Task description.
Within the material below, transcribe exactly the lines from the one holding "Deze stevige dartmat" through the one holding "ストライプとカットソーを組み合わせたビッグTシャツの登場です。", keeping both ends and skipping the rest.

START Records provided

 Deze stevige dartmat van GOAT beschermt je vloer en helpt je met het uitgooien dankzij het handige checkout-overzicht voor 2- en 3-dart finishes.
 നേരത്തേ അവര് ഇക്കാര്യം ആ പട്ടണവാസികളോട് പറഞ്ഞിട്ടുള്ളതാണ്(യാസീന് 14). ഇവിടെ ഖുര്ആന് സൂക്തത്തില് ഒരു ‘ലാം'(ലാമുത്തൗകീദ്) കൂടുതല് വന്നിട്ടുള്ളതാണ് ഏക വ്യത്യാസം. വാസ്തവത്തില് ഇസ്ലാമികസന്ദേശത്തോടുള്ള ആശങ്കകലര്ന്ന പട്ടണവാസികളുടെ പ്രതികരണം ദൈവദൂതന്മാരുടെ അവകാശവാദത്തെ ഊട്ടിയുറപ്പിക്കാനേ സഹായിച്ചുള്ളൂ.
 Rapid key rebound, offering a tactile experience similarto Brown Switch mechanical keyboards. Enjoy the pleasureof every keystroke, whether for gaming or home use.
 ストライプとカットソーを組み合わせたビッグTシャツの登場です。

END Records provided
START Records provided

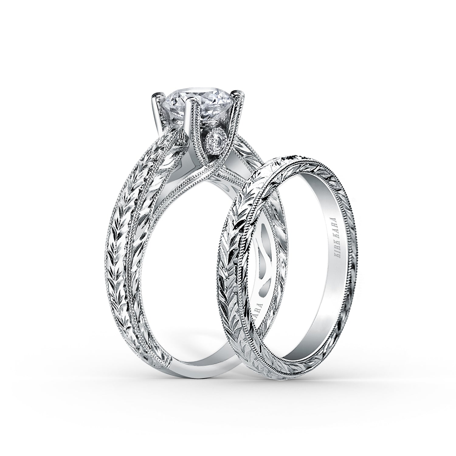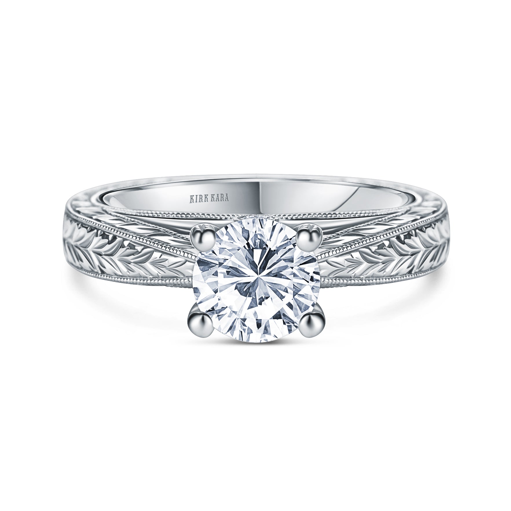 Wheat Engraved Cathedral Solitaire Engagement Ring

END Records provided

Solution to the problem.
 Deze stevige dartmat van GOAT beschermt je vloer en helpt je met het uitgooien dankzij het handige checkout-overzicht voor 2- en 3-dart finishes.
 നേരത്തേ അവര് ഇക്കാര്യം ആ പട്ടണവാസികളോട് പറഞ്ഞിട്ടുള്ളതാണ്(യാസീന് 14). ഇവിടെ ഖുര്ആന് സൂക്തത്തില് ഒരു ‘ലാം'(ലാമുത്തൗകീദ്) കൂടുതല് വന്നിട്ടുള്ളതാണ് ഏക വ്യത്യാസം. വാസ്തവത്തില് ഇസ്ലാമികസന്ദേശത്തോടുള്ള ആശങ്കകലര്ന്ന പട്ടണവാസികളുടെ പ്രതികരണം ദൈവദൂതന്മാരുടെ അവകാശവാദത്തെ ഊട്ടിയുറപ്പിക്കാനേ സഹായിച്ചുള്ളൂ.
 Rapid key rebound, offering a tactile experience similarto Brown Switch mechanical keyboards. Enjoy the pleasureof every keystroke, whether for gaming or home use.
 ストライプとカットソーを組み合わせたビッグTシャツの登場です。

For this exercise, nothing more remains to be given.